I agree that this is the normal case. But is the keel composed by an aluminum profile or is it filled with something that actually makes it heavier. When I look at the Internet version of Yoni drawings it is a bit hard to see what it is all about. When I talk about it I mean keel weight ratio and the difference is ballast ratio. In the last scenario the weight will be situated a lot higher and consequently be less “effective”. When hull has a 134 degree angle, it generally means that rig and sails are under water, and therefore needs “extra help” in order to turn the yacht right again.
Vent holes, sorry for bad English, I meant the windows under deck line in hull side.
Regardless safety glass, will it hold in survival conditions.

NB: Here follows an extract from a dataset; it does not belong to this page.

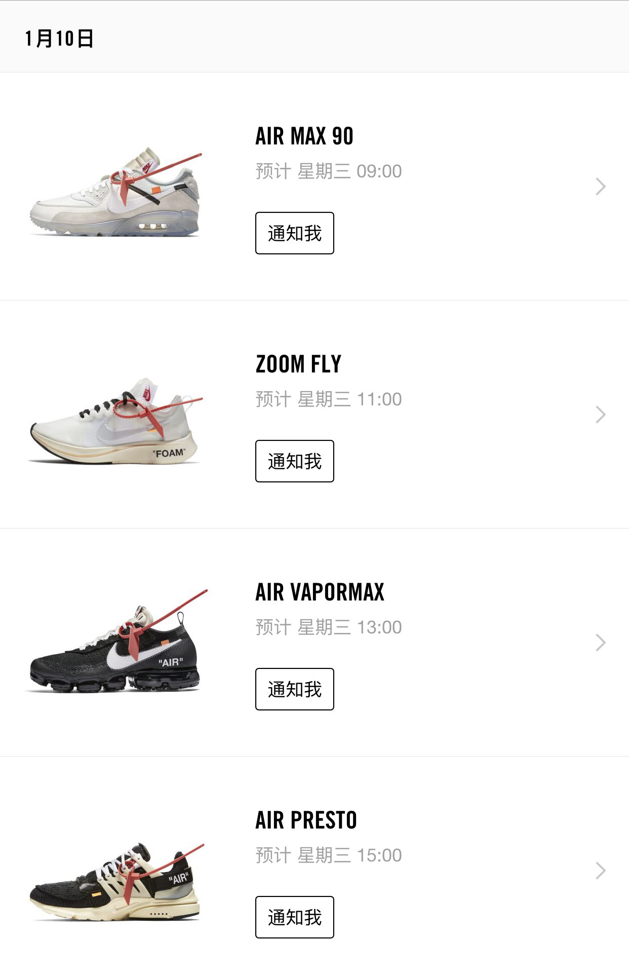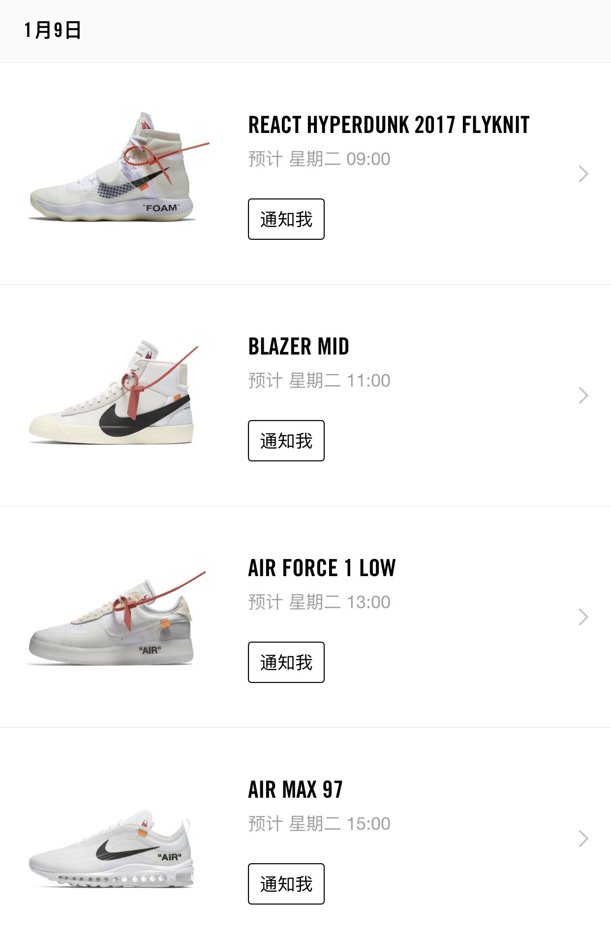 今天中国区 Nike.com 终于放出预告,OFF-WHITE x Nike 将在下周官网和 SNKRS App 正式发售,时间定于 1 月 9 日和 1 月 10 日两天,通过不同时段陆续发售,想要抓住这个最后原价入手的机会?下面可要看仔细了!
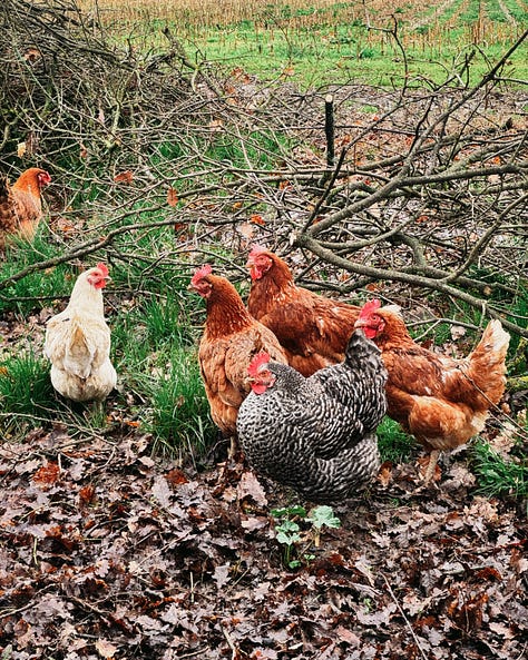 While you might imagine a herd of the big burly Blondes of Aquitaine cattle they raised, or a meandering flock of wooly meat sheep that might graze in the adjoining field, the real troupeau here are the dozen or so laying hens that scattered along the edge of the road and continue to cross the road like so many jokes, clucking “Why? Why are we crossing this road?”

I’m sorry about the mast stepped on the keel, it does not show on the Internet drawing. My point is being that the mast should stand on deck in order to prevent big holes in the deck if dismasting. In order to take the load on the deck from the rig, there should be a solid piece of backup between the deck and the keel. Another reason is that the lightning can pass down to the keel construction, and thereby avoid the big explosion that derives from the gap.

Finally what are your thoughts on aluminum composite material in general? Is it the future within yacht building material?
Rudder fens is in my view the piece that protect the rudder from debris in front of the rudder. Wouldn’t it be safer, to have this constructed in a way that it could shelter the entire rudder from the immense power of downhill/downwind sailing. By balance the rudder one can assume the port handling with motor will be a lot easier, and we shouldn’t need the bow thrusters on a sailing yacht.